Your desired rate increase on farmers of from $160 to $900 to me to be some type of punitive reverse psychology rate hike technique which for the most part has been shown to be ineffective and will raise the cost of food for everyone which really accomplishes nothing. You do not motivate people by punishing them. That just creates more division between the people and angers everyone involved who need to be working together to accomplish some goal. It is pure insanity for charge some Arizona farmer a high price for water from the Colorado River when the people in California who get their water from that same river and are still watering their lawns. It’s insanity for the Indian tribes to suck water out of the Colorado River to flood alfalfa fields while people are still using evaporative coolers instead of high efficiency AC units. We have had far too much division over the last 8 years or so and it seems that most conversations on the internet sound more like hate speech than people looking for solutions. If you want to create a level playing field that ends up creating an effective water conservation plan for the Southwestern U.S. then EVERYONE from the President on down needs to be involved. The American people once worked together to solve problems. Now it seems we just fight and call people names.
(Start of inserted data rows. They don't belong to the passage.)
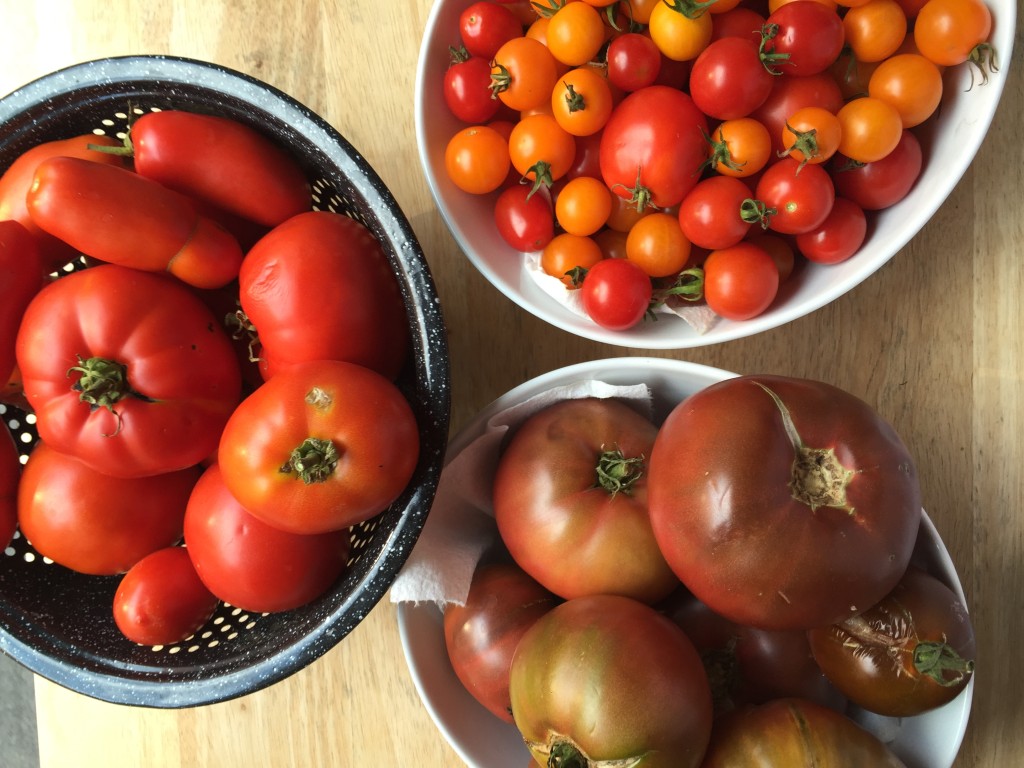 As fall harvests are in full gear, end of summer tomatoes are abundant.  In my opinion, extremely ripe tomatoes, almost to the point of spoiling but not quite, make the best salsa.  Uttermost ripe tomatoes are sensationally sweet and juicy.  Using tomatoes at their peak ripeness means your salsa will not be overpowered by spicy hot jalapenos, fresh cilantro or aromatic garlic.  Rather all the ingredient will compliment each other and create a flavor explosion of spicy, sweet, fresh and hot.
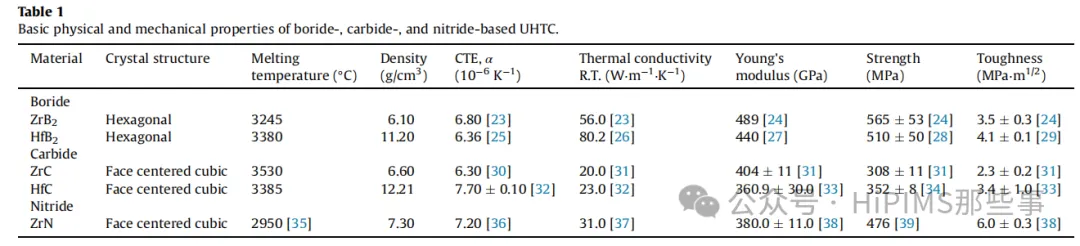 表1. 硼化物、碳化物及氮化物基 UHTC 的基本物理与力学性能
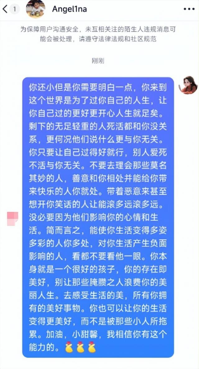 所以很多网友都在评论区用自己的经历来激励甜馨,也有不少网友纷纷给她发私聊,试图引导她走出这种悲伤的状态。
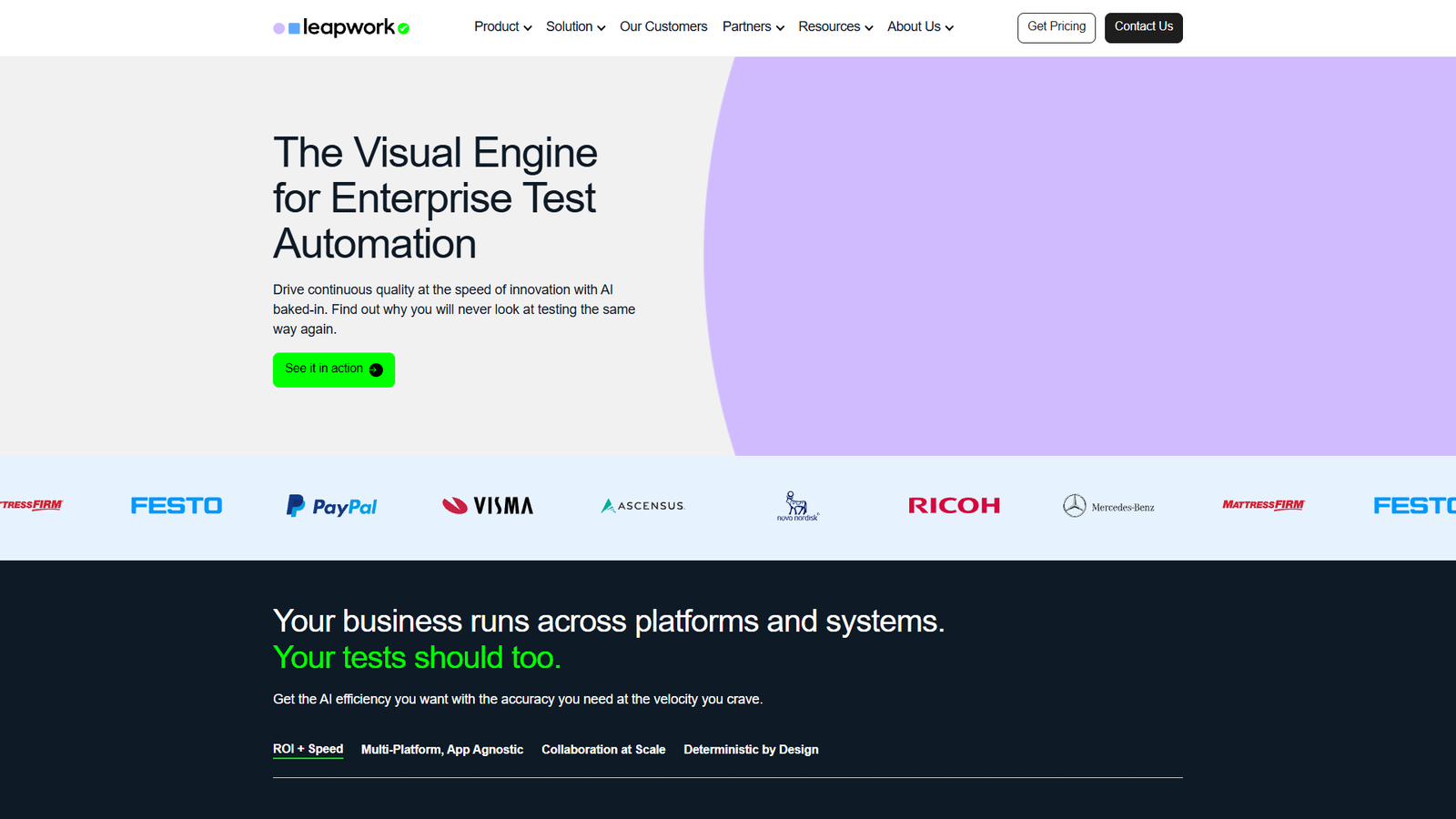 Платформа поддерживает тестирование веб-приложений, десктопных систем и сложных корпоративных ландшафтов, включая кроссплатформенные сценарии. Leapwork помогает масштабировать автоматизацию по всей организации, ускорять релизы и повышать ROI за счёт сокращения ручного тестирования и времени регрессии.
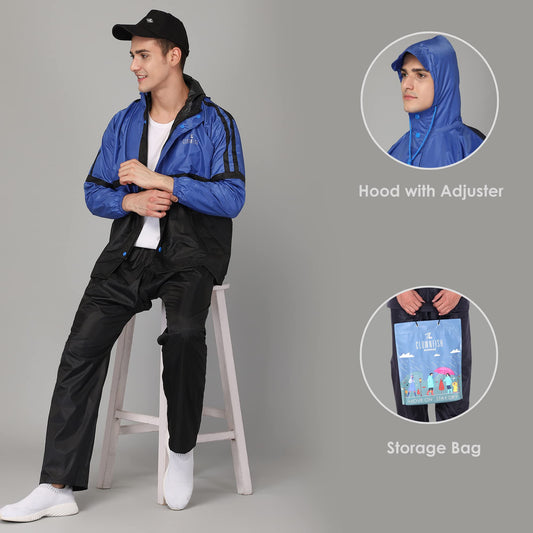 THE CLOWNFISH Rain Coat For Men Waterproof Raincoat With Pants Polyester Reversible Double Layer Standard Length Rain Coat For Men Bike Rain Suit Inner Mobile Pocket With Storage Bag(Royal Blue)Large

So here are some of my solutions.
1. Build no more coal, natural gas, nuclear or any other type of power plant that uses water to cool the power plant.
2. Remove all Air Conditioning or Heat Pump units from the roofs of homes. Installing AC units on the roofs of homes reduces their efficiency by not less than 10% and results in more energy from power plants.
3. Eliminate the manufacturing of the upright washing machine and only sell horizontal machines. This would save millions and millions of gallons of water
4. Require all pool builders to install an automated pool cover mechanism to reduce evaporation.
5. Start stressing the need to conserve water and the beauty of decorative low water consuming landscaping in every city by promoting decorative rock and low water plants.
6. Begin the manufacturing of only “inverter style” AC/Heat Pump units which are 50% more efficient than old reciprocating or scroll compressor units. This should be combined with number 9.
7. Plan and advertize that water rates for homes with laws will have their water rates increased 10% per year for the next 10 years. These rate increases would begin in 4 years. This does NOT prevent someone from having a lawn if they want one. They are just going to pay more.
8. Meet with all of the Indian tribes and establish reasonable transition plans to better water conservation.
9. Stop the manufacturing of evaporative coolers which can use up to 12 gallons of water per hour. Replace these evaporative coolers with 20-23 SEER High Efficiency AC/Heat pump ground mounted units. The homeowners will end up paying less to maintain a comfortable temperature level in their homes.
Get the point? It’s not just about the farmers! It’s “we the people” who need to make this happen and of course our farmers can become more efficient. But raising their water rate more than 5 times is not what I consider to be a valid solution.